Finalmente, después de dar vueltas como 40 minutos sobre el D.F para aterrizar, logramos llegar a la mitad de nuestro destino. Obviamente perdimos la conexión siguiente, que era a las nueve de la mañana y nos pusieron en otro avión a las tres de la tarde. En el aeropuerto de México nos atendieron demasiado bien, disfrutamos con la amabilidad de la gente y el acento, todo el tiempo era como un sketch del chavo del ocho y quedamos super entusiasmados con volver a México y conocerlo de verdad.
El avión nuevamente se atrasó, y finalmente llegamos a Chicago justo antes de tomar el último bus a Madison, si no hubiera sido así, abríamos dormido en el aeropuerto y eso ya sería mucho.
Cuando llegamos a policía internacional, el funcionario nos preguntó How are you related? y la Paulina que es la encargada de las relaciones internacionales de esta familia no podía entender, es que las primeras palabras en inglés después de tres semanas en Chile suenan como Chino, pero José sagazmente, que dice que no ha aprendido mucho inglés, le contestó We are married, entonces el oficial sonrió, nos timbró nuestros papeles de ingreso y nos salvó de la situación.
Saliendo del aeropuerto a la 1 am de Chile del día siguiente a nuestra partida, fuimos a tomar el bus sin parka, creyendo que no sería para tanto y casi nos congelamos.

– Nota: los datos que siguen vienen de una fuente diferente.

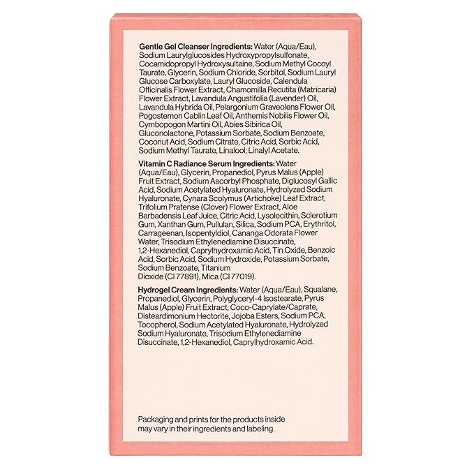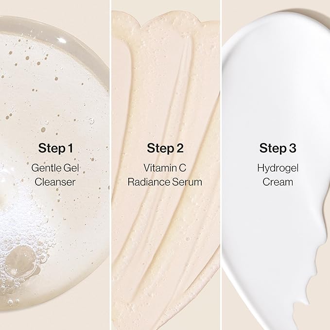 - TRAVEL SIZE: The perfect travel size regimen for achieving clean, hydrated, dewy looking skin on the daily. Works for all skin types and includes Hydrogel Cream (0.57 fl oz), Gentle Gel Cleanser (1.5 fl oz), and Vitamin C Radiance Serum (0.33 fl oz)
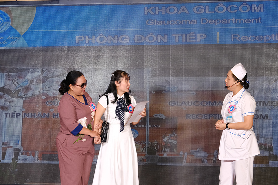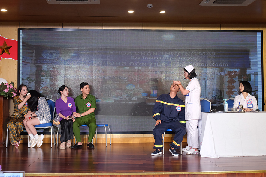 Đặc biệt, tiểu phẩm thứ 11 với Hội thi của chính Giám đốc Bệnh viện Mắt Trung ương Phạm Ngọc Đông, vừa trong vai nhân viên đón tiếp, vừa trong vai lãnh đạo Bệnh viện, lại vừa trong vai bác sỹ điều trị đã mang đến bất ngờ và thú vị của Hội thi năm nay.
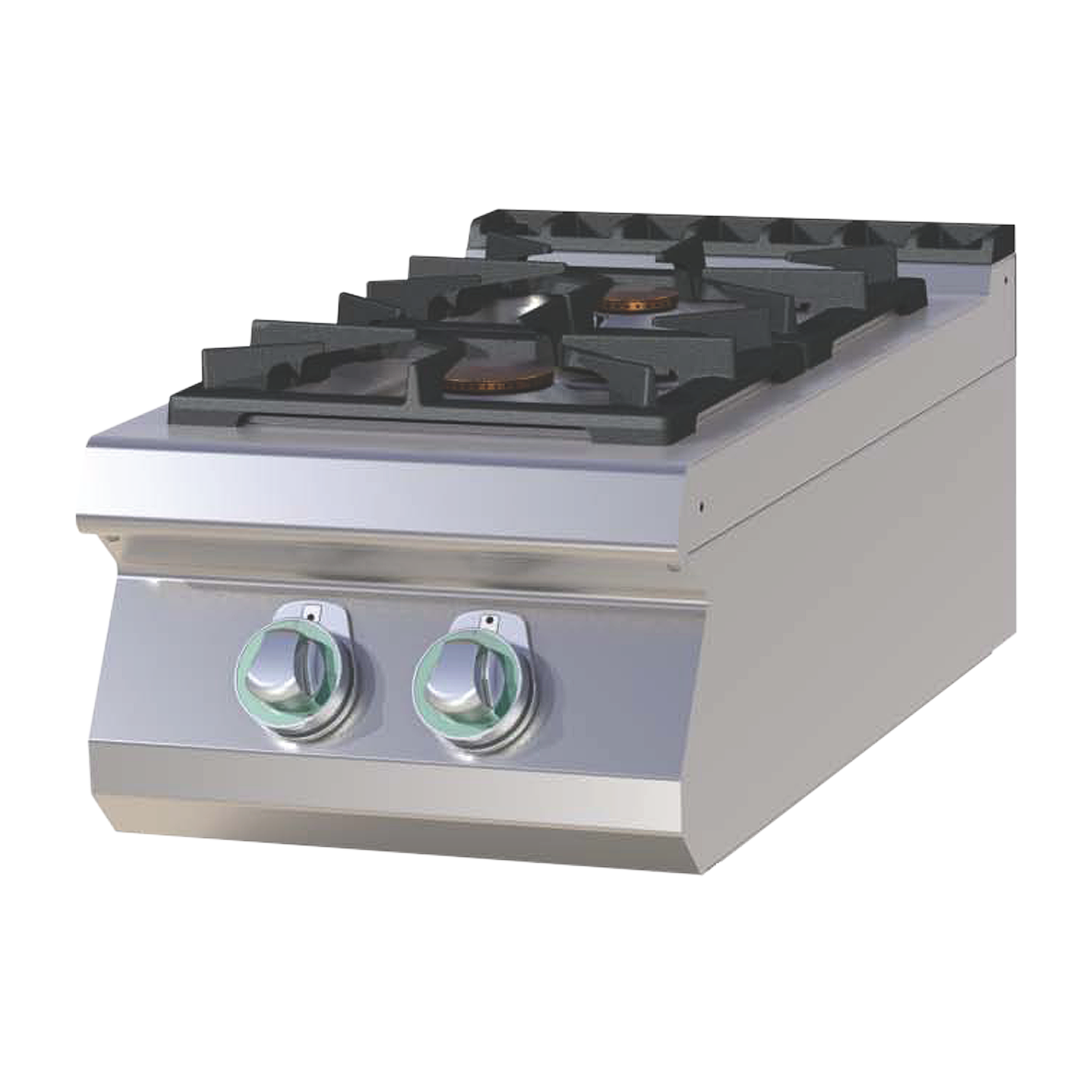Kompaktiška stalviršio tipo dujinė viryklė su dviem padidintos galios kaitvietėmis. Pagaminta iš AISI 304 nerūdijančio plieno, su žalvariniais nuimamais degikliais, ketaus grotelėmis ir apsauginiu termoelementu
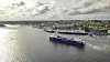 Containerskipet «Samskip Kvitbjørn» seiler inn mot Arendal samtidig som hydrogendebattene går høyt under Arendalsuka. Med støtte fra ENOVA i ryggen vil søsterskipet «Samskip Kvitnos» i løpet av 2025 bli det første av en slik størrelse som klargjøres for hydrogendrift.

Camino a Madison, fue realmente como entrar en Fargo, nieve por todas partes, hielo en las calles y nadie caminando.
Un buen amigo chileno, Pancho el de las mostazas, nos fue a buscar al terminal y nos trajo a nuestra casa, (a eso ya eran las cuatro de la mañana en Chile). Es difícil describir la impresión por el frío pero les podemos decir que un bidón de agua destilada que estaba dentro de la camioneta de Pancho estaba completamente congelado y nosotros algo parecido.
Llegamos a la casa y descubrimos nuevamente nuestro espacio, estaba todo en orden, bonito y limpito, listo para empezar el nuevo semestre. A pesar del viaje, la Paulina estaba lista para ir a clases al día siguiente, pero por suerte nos enteramos a esa hora que el lunes era feriado así es que pudimos descansar, ir al supermercado y preparar panqueques con manjar para Pancho y otros chilenos que nos recibieron.
El auto, que estaba bajo una capa de cuarenta centímetros de nieve, que costó sacar más de una hora de trabajo forzado, para el cual habíamos conseguido cables de batería y otro auto para hacer puente (jump)….. funcionó milagrosamente al primer contacto, luego de tres semanas de abandono.
Esta primera semana ha sido la peor semana en la historia de la vida de Jose. En primer lugar el miércoles se le fundió la pequeña tele de 32”. Por una razón que desconocemos al enchufarla suena un pito y no se ve nada. José desarmó la tele e insistía en que era un fusible quemado el causante del problema, pero a pesar de mirar, mover y en ocasiones golpear los cables y bobinas nada pasó.
La red de chilenos nos advirtió que mandarla al servicio técnico sería carísimo así es que aceptamos una tele pequeñita de regalo que por lo menos funciona.
Para seguir con la semana, hoy por la mañana José recibió una carta con un regalo especial, su permiso de trabajo. Sin tele y con permiso de trabajo, la suerte está echada, se acuerda de todo esto y se ríe nerviosamente y al mismo llora desconsoladamente, a veces la vida decide por uno, jajajaja.
Como siempre Dios nos acompaña y buenas cosas nos pasan en la vida, y las no tan buenas igual las disfrutamos, de seguro que volvemos de Madison llenos de experiencias y capaces de vivir hasta en la villa las estrellas de la Antártida con o sin tele.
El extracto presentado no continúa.